Long’s Peak Colorado ~ Walking on the Ceiling of the World
Hiking in the Rockies feels like walking on the ceiling of the world. You are so high up that you are looking down on mountain peaks. The wind pushes at you and you have to walk bent against it. But it is glorious.
Until it is not.
One day, my husband and I decided to hike up to Long’s Peak. Clouds like colophons hung above it. White and fluffy they formed clear emblems, signs that stood out against a background of deep azure. Two of them stood together dropping in the still air above the mountain. The morning fresh and bright was no harbinger of things to come
That was at nine in the morning. By twelve the clouds moved in. By one the storm rolled off the mountain, striking sparks of lightening upon the unwary, who enjoying their climb went above the timberline to the boulder field of the Diamond face.

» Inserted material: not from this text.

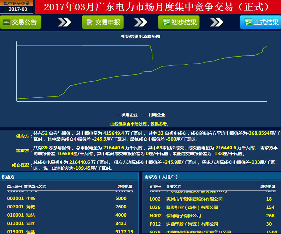 【無所不能 文丨張驥】根據廣東省3月份集中競價交易初步結果顯示(未經安全校核),此次集中交易總成交電量初步為 216440 6 萬千瓦時。 供應方邊際成交申報價差 -245 9厘 千瓦時, 需求方邊際成交申報價差

“No! No! Don’t go there,” said the hikers scampering down the mountainside. “There’s lightning! It’s dangerous!” they called as they scurried down the hill toward a blanket of trees.
So my husband and I turned reluctantly away from the beauties of Alpine plants, the high air, the rocky platform for viewing of surrounding mountains. We trudged downhill as the hail struck, fierce pellets of ice knifing us hard. After twenty minutes it morphed to rain. The dusty track turned viscous-squishy, churning mud onto legs and trouser bottoms.
At length we came to the Ranger’s hut.
“That was the worst hike I’ve experienced,” said my husband, “ever.”